Purpose: To optimize the 1H-MRS acquisition protocol for measuring absolute cerebral concentrations of myo-inositol (mIns) at 3.0 T, in order to investigate metabolic alterations in the normal appearing white matter (NAWM) of patients with a clinically isolated syndrome (CIS) suggestive of multiple sclerosis (MS).
Methods: On a clinical 3.0 T whole-body MR system (Gyroscan Intera 3.0 T, Philips Medical Systems), single-voxel 1H-MRS (PRESS-localized, water suppression by dual inversion prepulses) in the parietal white matter of the centrum semiovale was performed in 10 healthy controls. Echo time was varied in the range TE 30–140 ms in phantom experiments and in-vivo acquisitions to find the optimum TE value for mIns quantification, with respect to the intensity of the spin-coupled mIns multiplets at 3.54 ppm (C1/C3) and 3.63 ppm (C4/C6) and to the separation from adjacent glutamate/glutamine (Glx) signals. Metabolite signal ratios were then obtained from water-suppressed measurements with TR/TE 2000/38 ms. Absolute concentrations of mIns, of choline compounds (Cho), of total creatine (tCr), and of N-acetyl aspartate (NAA) in the parietal white matter of the controls were determined by relating NAA to the internal water signal from the MRS voxel in unsuppressed acquisitions with TR/TE 3500/140 ms and correcting for partial CSF volume by water T2 relaxometry. Additionally, relaxation times T2 of Cho, tCr, and NAA at 3.0 T were measured by mono-exponential fits to a series of 5 water-suppressed spectra with TR/TE 2500/50–400 ms. With voxel localization and acquisition parameters held identical to the control investigations, T2 relaxation times and absolute metabolite concentrations were also determined in NAWM of 22 patients with CIS (5 of them classified as early-stage relapsing-remitting MS according to McDonald's criteria). In 15 of the CIS cases, metabolite quantification was also done at 1.5 T (Philips Gyroscan Intera 1.5 T) for intraindividual comparison. Postprocessing of all data was performed by time-domain analysis using the MRUI software package.
Results: Intra-individual comparison of relative linewidths δν/γ obtained in the short-TE measurements at both field strengths revealed a reduction by about 10–20% at 3.0 T for the singlet resonances of Cho and tCr and almost unchanged values for the C1/C3 and C4/C6 pseudo-doublet of mIns. T2 relaxation times of Cho and NAA at 3.0 T were slightly prolonged in the NAWM of the CIS patients (257±34 ms and 349±44 ms, respectively, vs. 232±20 ms and 321±16 ms in the controls). Preliminary results for the metabolite ratios at 3.0 T and for the absolute concentrations showed a reduction of NAA/Cho, a 10% increase for mIns, and a 10% decrease for NAA in NAWM of the patient group. Absolute metabolite concentrations determined from the measurements at 3.0 T were consistent with the values obtained at 1.5 T. In the NAWM of the patient subgroup with early-stage MS, an even more pronounced elevation in myo-inositol concentration was observed in comparison to healthy controls.

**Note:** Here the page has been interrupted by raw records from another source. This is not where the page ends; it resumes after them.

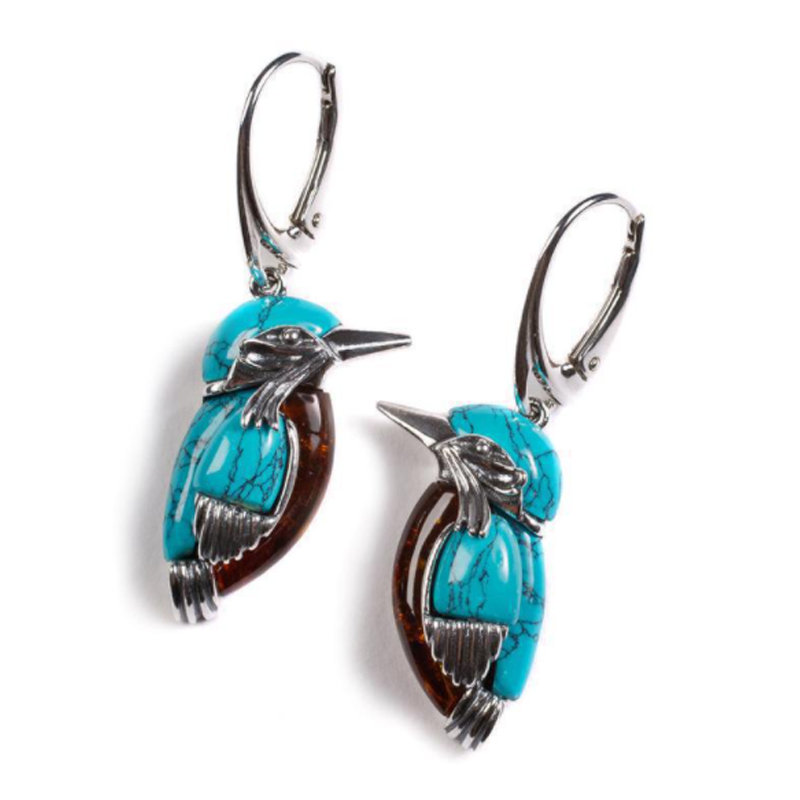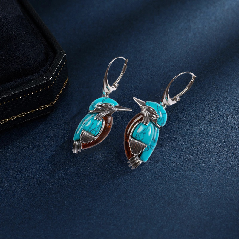 Emballasje: 1 par Vintage Turkis Fugl Øredobber
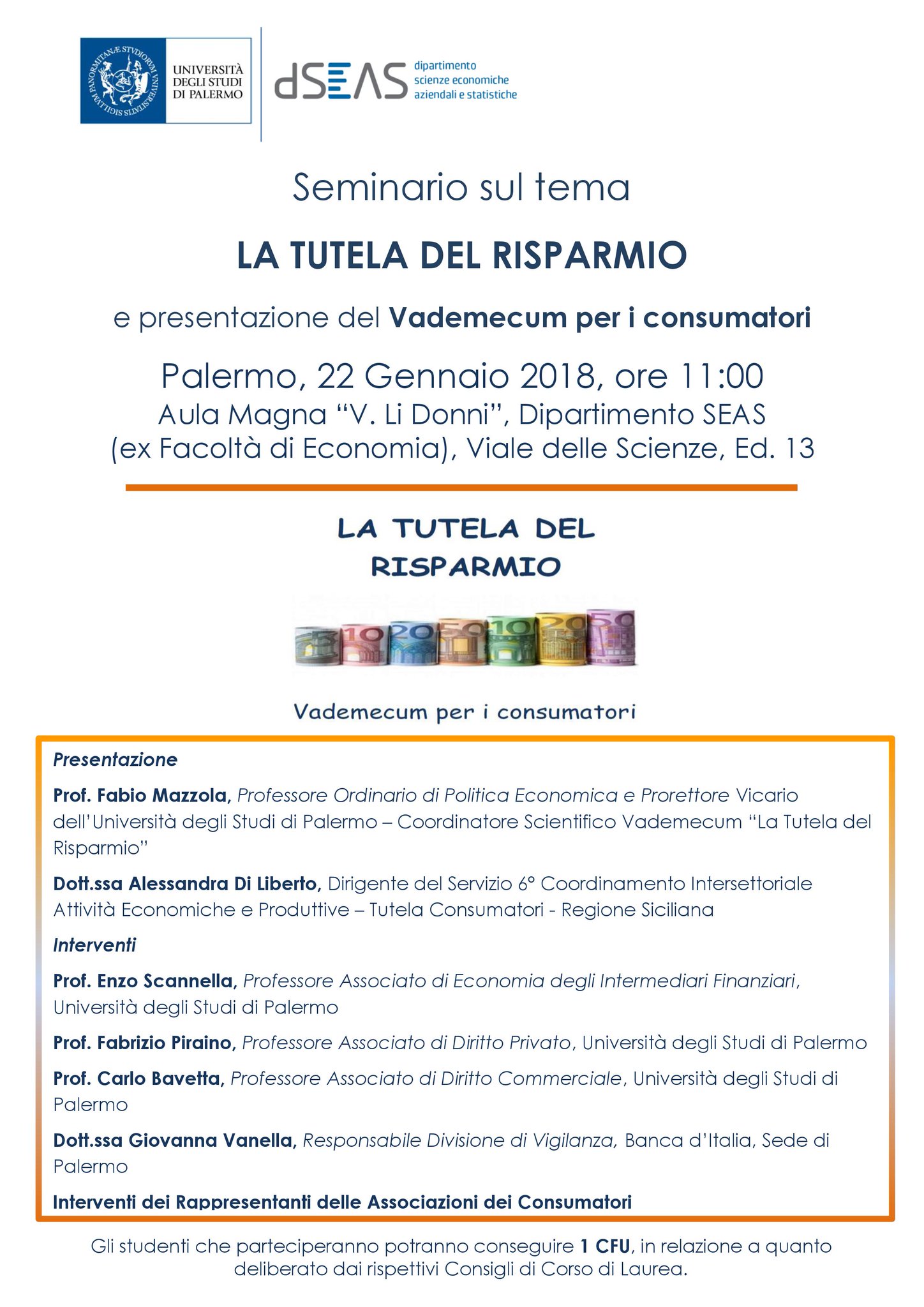 Unipa La Tutela Del Risparmio Seminario Organizzato Dal Dipartimento Di Scienze Economiche Aziendali E Statistiche Di Unipa 22 1 H 11 Aula Magna V Li Donni Ed 13 Viale Delle Scienze Info
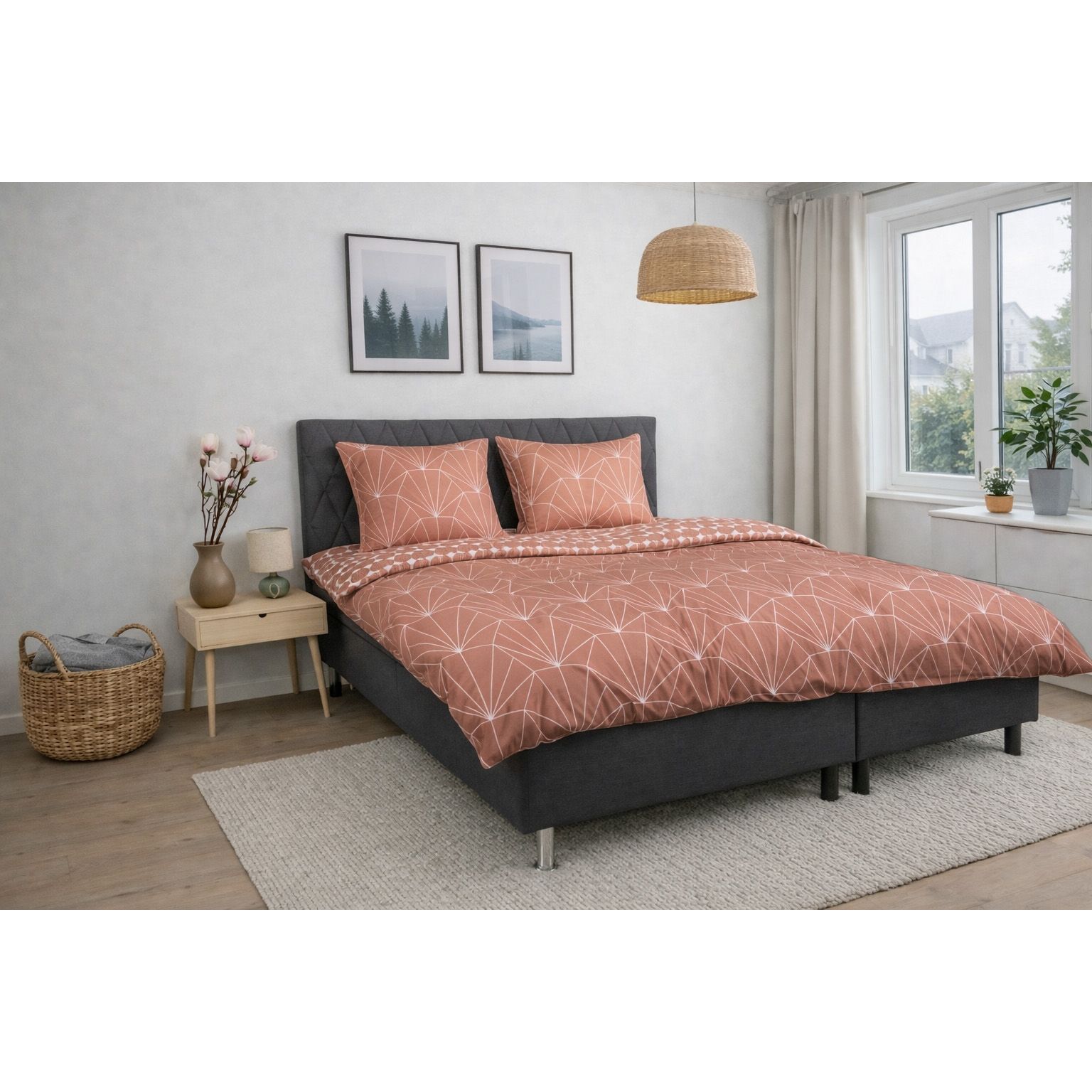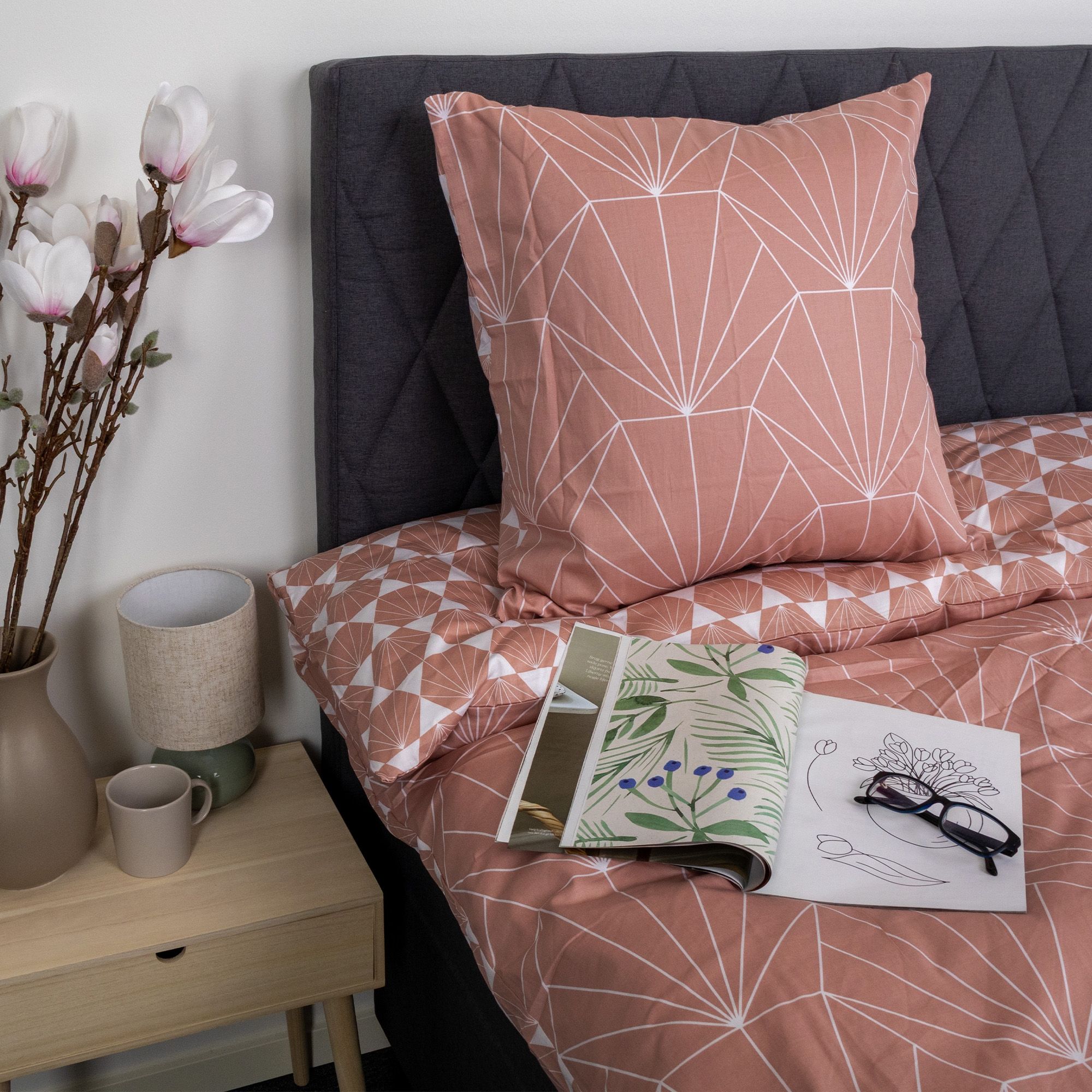 Det vendbare design giver dig to forskellige looks i ét sengesæt. Forsiden er dekoreret med et moderne grafisk mønster, mens bagsiden har et mere afdæmpet geometrisk udtryk. Det gør sengetøjet nemt at kombinere med forskellige farver, puder og plaider og giver større fleksibilitet i indretningen.
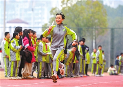 近日,湖南省長沙市開福區(qū)新竹第二小學(xué)開展“雋園歡騰慶元旦 騏驥昂首啟新程”活動。圖為學(xué)生在進行班級接力賽跑。郭立亮 攝
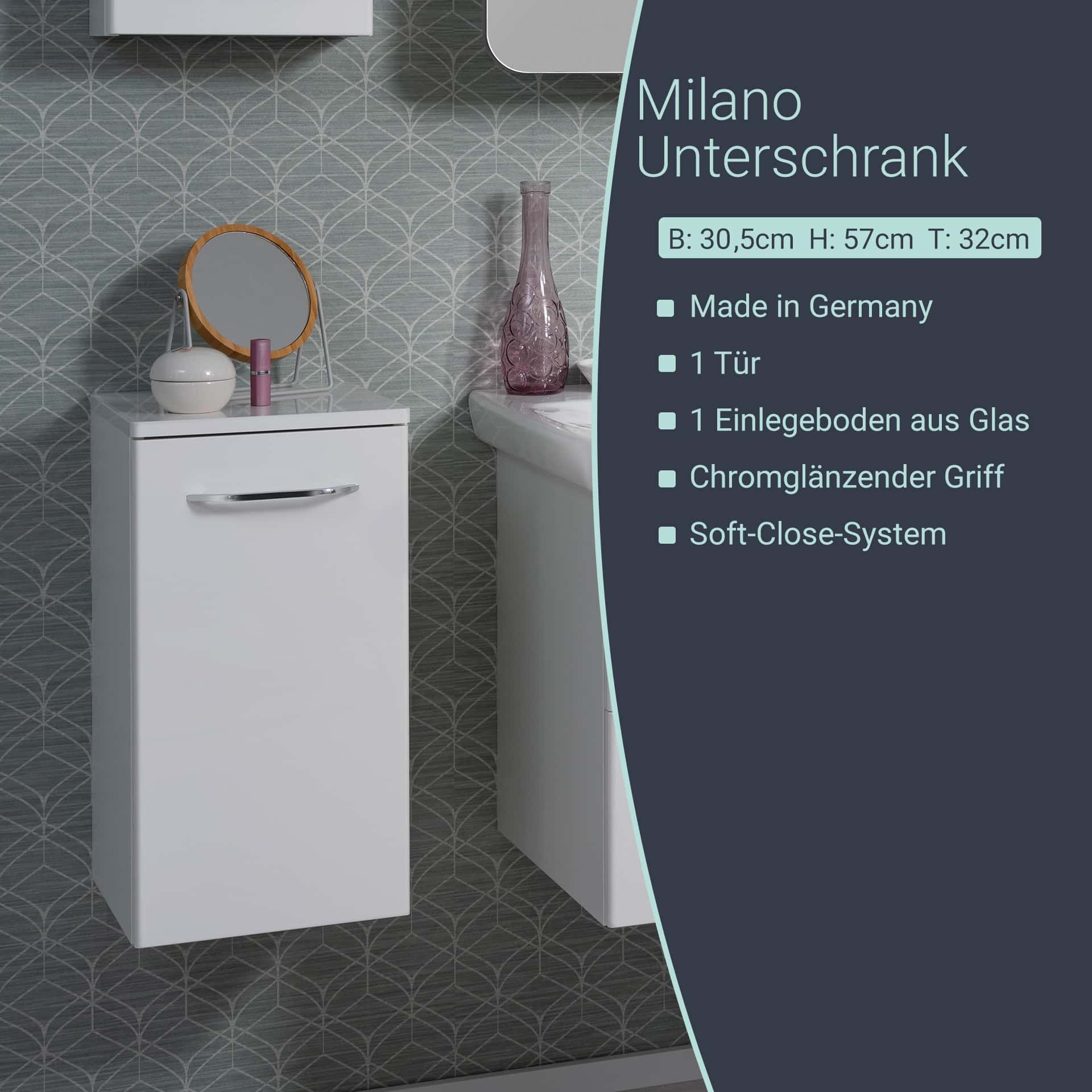 Der Unterschrank aus der Serie MILANO von Fackelmann fügt sich auf Grund seines schlichten Designs harmonisch in jedes Badezimmer ein. Korpus und Front sind im klassischen Weiß gehalten, der beliebtesten Farbe für Badmöbel. So bringt der Schrank Helligkeit in die Badeinrichtung. Die Tür mit frei wählbarem Türanschlag lässt sich dank der gedämpften Scharniere sanft schließen. Möbel von Fackelmann werden mit viel Liebe zum Detail in Deutschland gefertigt. Dein Fackelmann MILANO Unterschrank 30 cm, Weiß ist zerlegtund wird mit einer leicht verständlichen Aufbauanleitung direkt zu Dir nach Hause geliefert.

Conclusion: The increased chemical shift dispersion at 3.0 T strongly alters the 1H-MRS pattern of mIns multiplets compared to lower field strengths, resulting in a well resolved doublet peak from C1/C3 and C4/C6 protons with almost equal component intensity at TE 30–40 ms and improved separation from Glx. First results of our clinical study indicate higher mIns concentration already in lesion-free NAWM during the very early stages of MS. With an enlarged number of cases, the significance of these findings and the sensitivity at 3.0 T compared to 1.5 T may be assessed.